Upgrade of the Belle II Vertex Detector with Depleted Monolithic CMOS Active Pixel Sensors

TL;DR

The paper discusses the upgrade of the Belle II vertex detector using depleted monolithic CMOS sensors, focusing on the development and testing of the OBELIX chip for high-luminosity conditions.

Contribution

It introduces the OBELIX chip, a new DMAPS sensor designed for Belle II upgrade, with enhanced radiation tolerance and digital features compatible with the trigger system.

Findings

OBELIX chip achieves radiation tolerance up to 5×10^14 n_eq/cm^2 and 100 Mrad.

Beam tests show sensor operation below 40°C after irradiation.

Sensor supports high hit rates up to 120 MHz/cm^2.

Abstract

The Belle II experiment, operating at the asymmetric SuperKEKB $e^+e^-$ collider, is preparing an upgrade of its vertex detector to cope with an increased luminosity of $6 \times 10^{35}$ cm$^{-2}$s$^{-1}$. The upgraded vertex detector (VTX) will consist of five or six layers of depleted monolithic active pixel sensors (DMAPS), with a total material budget of approximately $3\%$ $X/X_0$. The OBELIX chip, derived from the TJ-Monopix2 sensor and fabricated using Tower Semiconductor 180 nm CMOS technology, is being developed for this upgrade. It features a 33 $\mu$m pixel pitch with a time-stamping binning of $50-100$ ns, along with a dedicated digital periphery compatible with the Belle II trigger system, supporting rates up to 30 kHz.
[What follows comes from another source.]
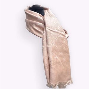 Authentic Louis Vuitton Blush Pink & Cream LV Monogram Denim Silk Wool Lightweight Wrap Scarf Shawl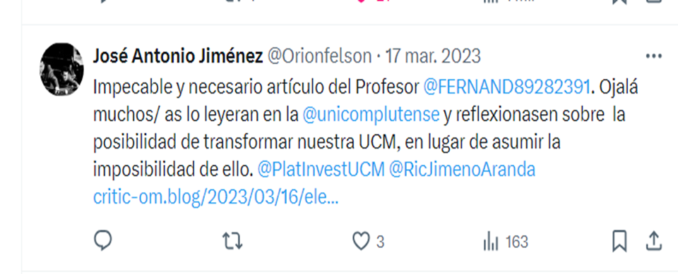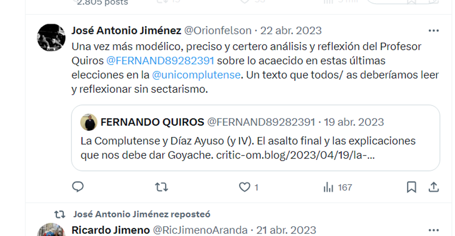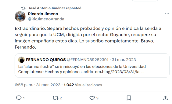 José Antonio posee un sentido del humor envidiable, tan afinado que le permite decir hoy lo contrario de lo que dijo hace dos años, sin pestañear. Es un talento raro, poder cambiar de opinión con tanta fluidez y naturalidad, casi como si no hubiera dicho lo anterior con absoluta convicción. Un verdadero maestro de la coherencia dinámica. Y para disipar cualquier duda, salgo en su defensa con pruebas irrefutables: lo que él mismo expresó públicamente en su cuenta de X (cuando aún era Twitter), sobre mis artículos en las elecciones a rector y en el asunto de Ayuso. Ahí lo tenéis, sin filtros ni interpretaciones malintencionadas. Tomaos un rato para leer lo que José Antonio dice de mí en estas capturas de pantalla.

The sensor is designed to operate under the high background conditions expected at the target luminosity, with radiation tolerance up to $5 \times 10^{14}$ $n_{eq}$/cm$^2$ and 100 Mrad, while targeting a power density of about 200 mW/cm$^2$. This corresponds to hit rates up to 120 MHz/cm$^2$. Beam test and irradiation studies of TJ-Monopix2 demonstrate that the operating sensor temperature should stay below $40^\circ$C after irradiation up to $5 \times 10^{14}$ $n_{eq}$/cm$^2$. This report reviews the proposed VTX concept, sensor performance, and ongoing R$\&$D activities.